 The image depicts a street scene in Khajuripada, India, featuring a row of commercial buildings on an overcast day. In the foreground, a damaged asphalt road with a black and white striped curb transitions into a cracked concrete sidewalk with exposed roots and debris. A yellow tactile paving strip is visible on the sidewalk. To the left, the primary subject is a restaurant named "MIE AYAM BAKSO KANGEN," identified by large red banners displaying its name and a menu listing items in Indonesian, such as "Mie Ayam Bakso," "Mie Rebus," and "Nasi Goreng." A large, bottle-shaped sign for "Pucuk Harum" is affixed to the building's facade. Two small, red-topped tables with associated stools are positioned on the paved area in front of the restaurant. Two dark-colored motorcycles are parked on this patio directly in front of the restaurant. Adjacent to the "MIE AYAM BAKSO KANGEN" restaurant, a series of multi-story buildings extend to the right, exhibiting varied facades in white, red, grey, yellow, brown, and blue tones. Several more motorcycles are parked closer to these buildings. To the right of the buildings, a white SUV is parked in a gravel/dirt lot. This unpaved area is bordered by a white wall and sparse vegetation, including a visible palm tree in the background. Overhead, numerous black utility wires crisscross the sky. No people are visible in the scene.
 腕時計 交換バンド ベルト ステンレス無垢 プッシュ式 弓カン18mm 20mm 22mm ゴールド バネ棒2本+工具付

::::

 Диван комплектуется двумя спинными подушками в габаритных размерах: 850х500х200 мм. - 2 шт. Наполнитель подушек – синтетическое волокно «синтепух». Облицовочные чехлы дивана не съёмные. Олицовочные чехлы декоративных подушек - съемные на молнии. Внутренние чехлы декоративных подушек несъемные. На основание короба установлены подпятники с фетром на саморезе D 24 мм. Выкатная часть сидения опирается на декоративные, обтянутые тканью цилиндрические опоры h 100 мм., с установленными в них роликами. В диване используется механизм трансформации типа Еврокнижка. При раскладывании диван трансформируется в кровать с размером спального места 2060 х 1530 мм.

::::

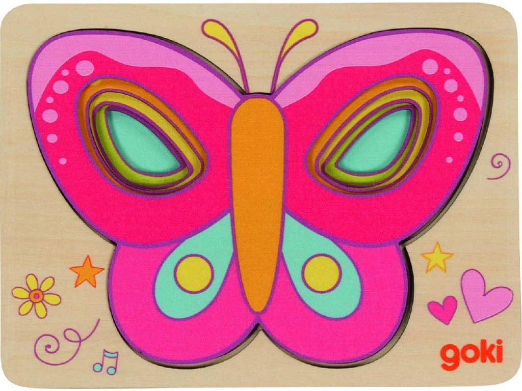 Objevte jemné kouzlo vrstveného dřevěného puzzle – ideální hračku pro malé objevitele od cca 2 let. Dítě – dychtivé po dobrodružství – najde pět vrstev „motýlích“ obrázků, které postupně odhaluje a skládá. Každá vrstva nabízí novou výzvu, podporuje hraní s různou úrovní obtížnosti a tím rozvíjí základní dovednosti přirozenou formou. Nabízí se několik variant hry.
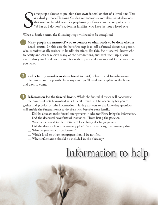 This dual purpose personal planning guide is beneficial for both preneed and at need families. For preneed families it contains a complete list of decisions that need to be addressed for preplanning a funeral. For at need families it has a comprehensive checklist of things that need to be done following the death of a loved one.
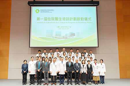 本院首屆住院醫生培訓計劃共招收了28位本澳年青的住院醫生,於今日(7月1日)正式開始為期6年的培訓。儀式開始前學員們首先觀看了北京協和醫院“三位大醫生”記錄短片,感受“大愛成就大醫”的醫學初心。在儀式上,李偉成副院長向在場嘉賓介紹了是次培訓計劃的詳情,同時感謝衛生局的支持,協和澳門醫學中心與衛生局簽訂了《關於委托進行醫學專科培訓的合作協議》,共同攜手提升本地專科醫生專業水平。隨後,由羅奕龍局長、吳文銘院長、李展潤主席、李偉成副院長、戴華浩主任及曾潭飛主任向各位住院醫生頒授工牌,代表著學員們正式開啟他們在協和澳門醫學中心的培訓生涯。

::::

### [TASK DIRECTIONS]
Starting with the line above that holds "The image depicts" and stopping with the line that holds "腕時計 交換バンド ベルト", reproduce each line exactly, omitting all other lines.

### [SOLUTION TO THE PROBLEM]
 The image depicts a street scene in Khajuripada, India, featuring a row of commercial buildings on an overcast day. In the foreground, a damaged asphalt road with a black and white striped curb transitions into a cracked concrete sidewalk with exposed roots and debris. A yellow tactile paving strip is visible on the sidewalk. To the left, the primary subject is a restaurant named "MIE AYAM BAKSO KANGEN," identified by large red banners displaying its name and a menu listing items in Indonesian, such as "Mie Ayam Bakso," "Mie Rebus," and "Nasi Goreng." A large, bottle-shaped sign for "Pucuk Harum" is affixed to the building's facade. Two small, red-topped tables with associated stools are positioned on the paved area in front of the restaurant. Two dark-colored motorcycles are parked on this patio directly in front of the restaurant. Adjacent to the "MIE AYAM BAKSO KANGEN" restaurant, a series of multi-story buildings extend to the right, exhibiting varied facades in white, red, grey, yellow, brown, and blue tones. Several more motorcycles are parked closer to these buildings. To the right of the buildings, a white SUV is parked in a gravel/dirt lot. This unpaved area is bordered by a white wall and sparse vegetation, including a visible palm tree in the background. Overhead, numerous black utility wires crisscross the sky. No people are visible in the scene.
 腕時計 交換バンド ベルト ステンレス無垢 プッシュ式 弓カン18mm 20mm 22mm ゴールド バネ棒2本+工具付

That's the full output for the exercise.